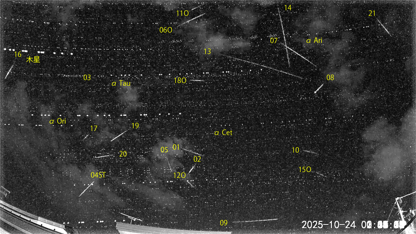 00:00から約2.5時間の21コマを処理しました。 出現した順に数字と記号を始点付近に記入。tは痕traceあり。O:オリオン座流星群、ST:おうし座南流星群 多数の流星が広範囲に出現したため、夜半後の画像が2枚となりました。
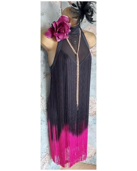 Women's Pink black flapper tassel 20s gatsby party evening dress 8
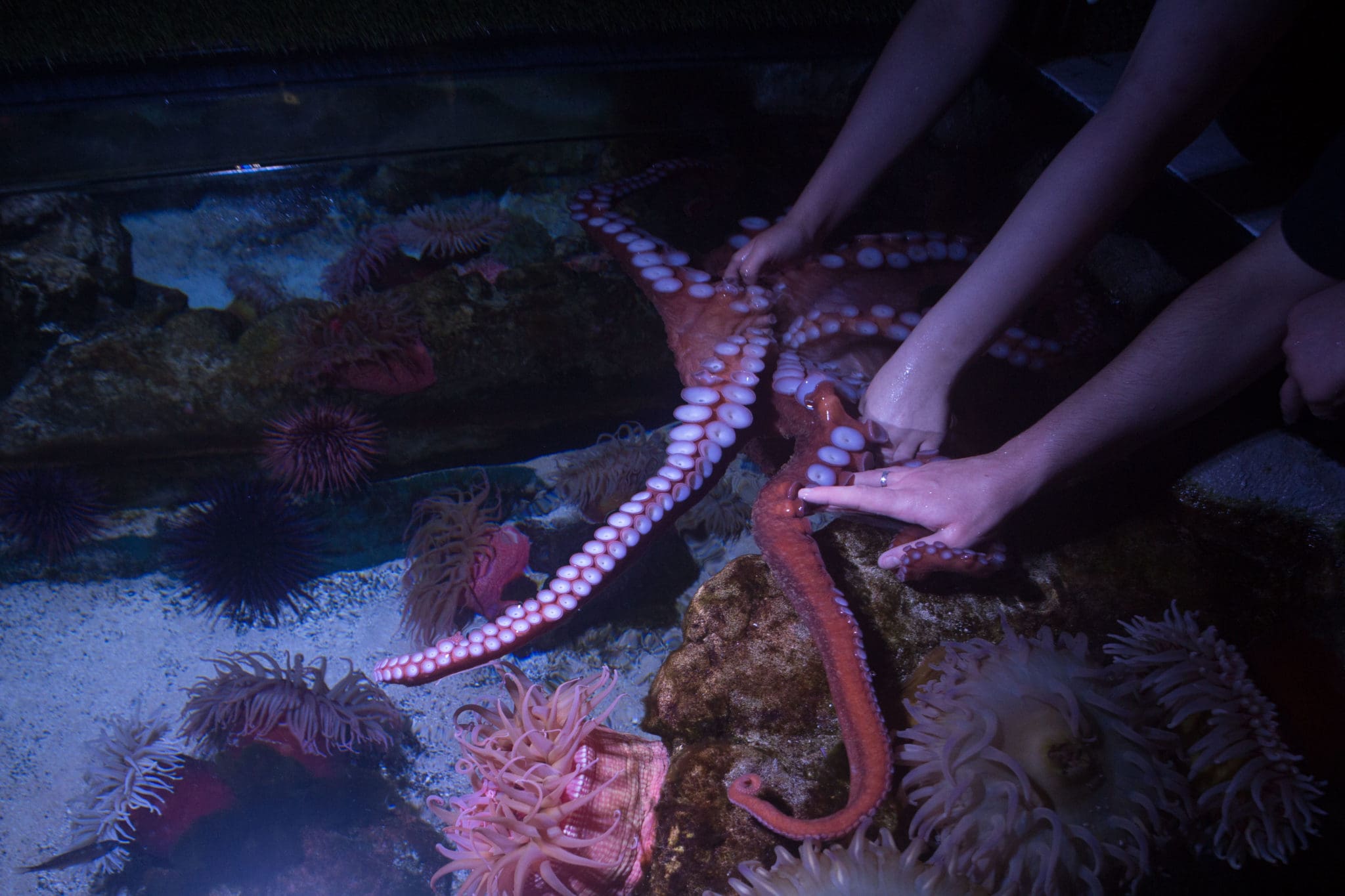 The next department I worked in was the cold water marine department, which houses marine life from Eastport ME, the West Coast, and of course the octopuses. My morning started by helping clean sand for tanks for incoming fish and invertebrates from a recent collecting trip to Eastport. When I wasn’t washing sand I would spend my time playing with the two octopuses. Their names are Freya and The Professor, both have very different personalities. The Professor is a little younger and smaller, while Freya is larger and is right up with the public, The Professor sits behind Freya in another tank. Playing with the both of them it’s hard to not think that they are intelligent creatures. They investigated me by pulling my arms into the tank, I made sure they wouldn’t pull my arms too far, the people watching would be pretty freaked out to see an octopus pulling a human arm into its tank. It was amazing to feel each of the suckers working independently pulling and tasting at different strengths while the octopus changes color and texture. At one point Freya began to pull my hand towards her beak and that would really hurt so I pulled my hand back feeling the full muscular power of octopus. Working with Freya and The Professor was a mesmerizing experience that really made me see them on a different otherworldly level, it was truly amazing.
◆ ◆ ◆
**WHAT IS NEEDED:** An exact copy is needed of only the lines from the top of the material through the line with "Women's Pink black"; no pictures belong in it.

**RESULT OF THIS EXERCISE:**
 00:00から約2.5時間の21コマを処理しました。 出現した順に数字と記号を始点付近に記入。tは痕traceあり。O:オリオン座流星群、ST:おうし座南流星群 多数の流星が広範囲に出現したため、夜半後の画像が2枚となりました。
 Women's Pink black flapper tassel 20s gatsby party evening dress 8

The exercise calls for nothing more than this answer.